C’est donc passé sous des tonnes d’effets (c’est à peine si on distingue la mandoline et les violons sous les saturations du magnifique et poignant « Worthless ») que leurs poèmes se font les plus éloquents. Une sorte d’exutoire émotif (parfois Mitch semble y mettre toutes ses tripes, à défaut d’avoir une voix parfaitement assurée) pour démultiplier ses états d’âmes. Le single « All About Me » ou « Misjudgment » sont peut-être robustes, elles n’en demeurent pas moins des chansons qui explorent les amours perdus, l’enfance, les souvenirs et les doutes existentiels, bref toute une facette plus fragile, avec ces petites guitares sèches, ces chœurs doublées et ces mélodies enchanteresses. Springhouse met tout ce bouillonnement intérieur en musique, se libérant d’un certain musellement, presque jusqu’à déborder par maladresse.

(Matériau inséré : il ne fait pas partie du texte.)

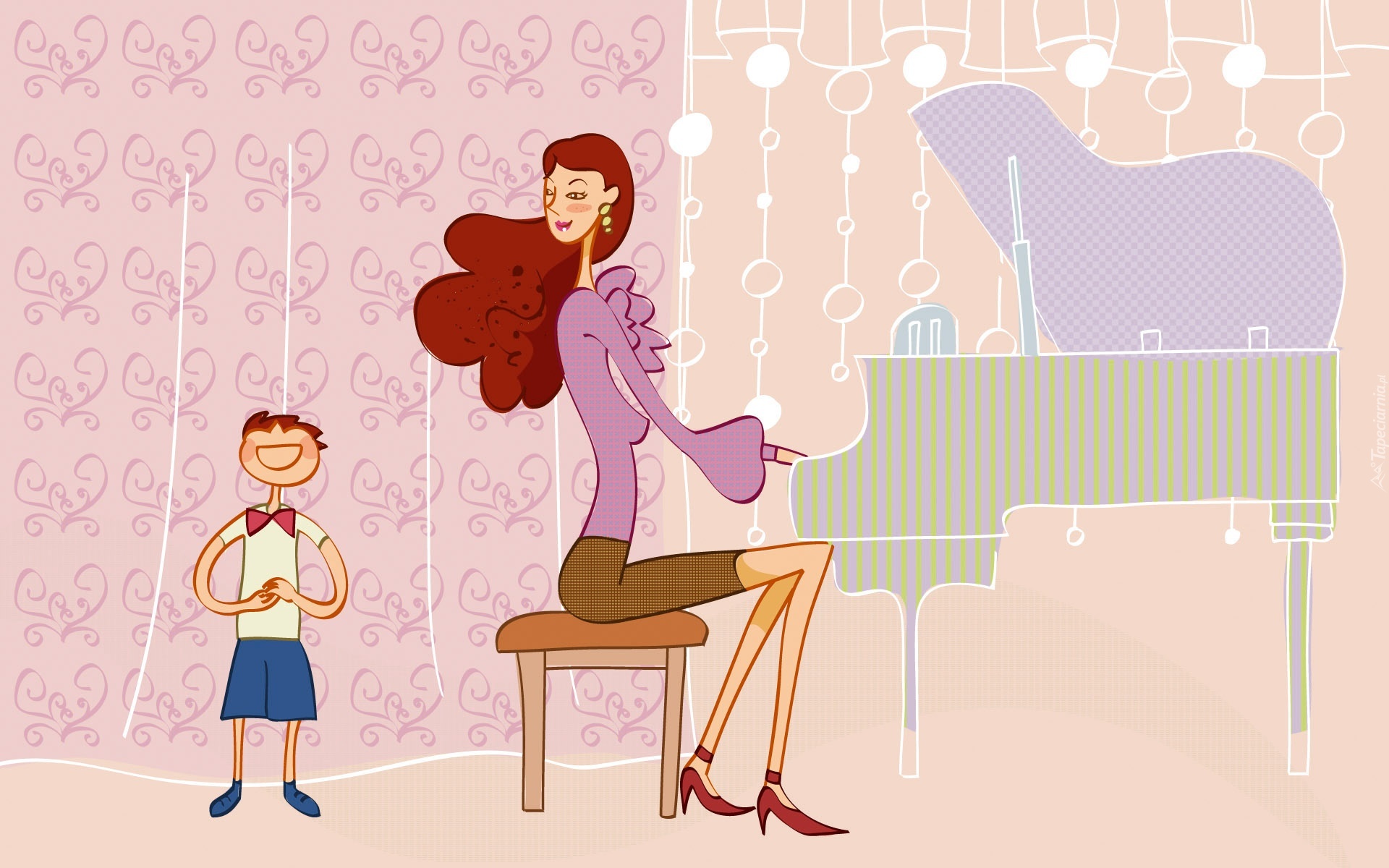 Edytor tapety: Kobieta, Dziecko, Fortepian

[i] Jack Rabit cité par R. M. sur East Coast Rocker, 7 avril 1993, [en ligne] http://tripalot.com/springhouse/interviews/
[ii] Idem
[iii] Interview de Jack Rabit par Danny Lackey, sur When the sun hits, 9 décembre 2010, [en ligne] http://whenthesunhitsblog.blogspot.fr/2010/12/interview-conversation-with-jack-rabid.html
[iv] Interview de Mitch Friedland par John Clarkson sur Pennyblackmusic, 11 janvier 2009, [en ligne] http://www.pennyblackmusic.co.uk/MagSitePages/Article/4955/Springhouse
[v] Mitch Friendland cité par Kevin Linehand, sur Mixx Magazine, mai 1993, [en ligne] http://tripalot.com/springhouse/interviews/
[vi] Interview de Mitch Friedland par John Clarkson, op. cit.
[vii] Interview de Jack Rabid par John Clarkson, op. cit.
[viii] Jack Rabit cité par Joe S. Harrington, sur New Route Magazine, 1991, [en ligne] http://tripalot.com/springhouse/interviews/#new_route_magazine_1991
[ix] Mitch Friedland cité par Joe S. Harrington, op. cit.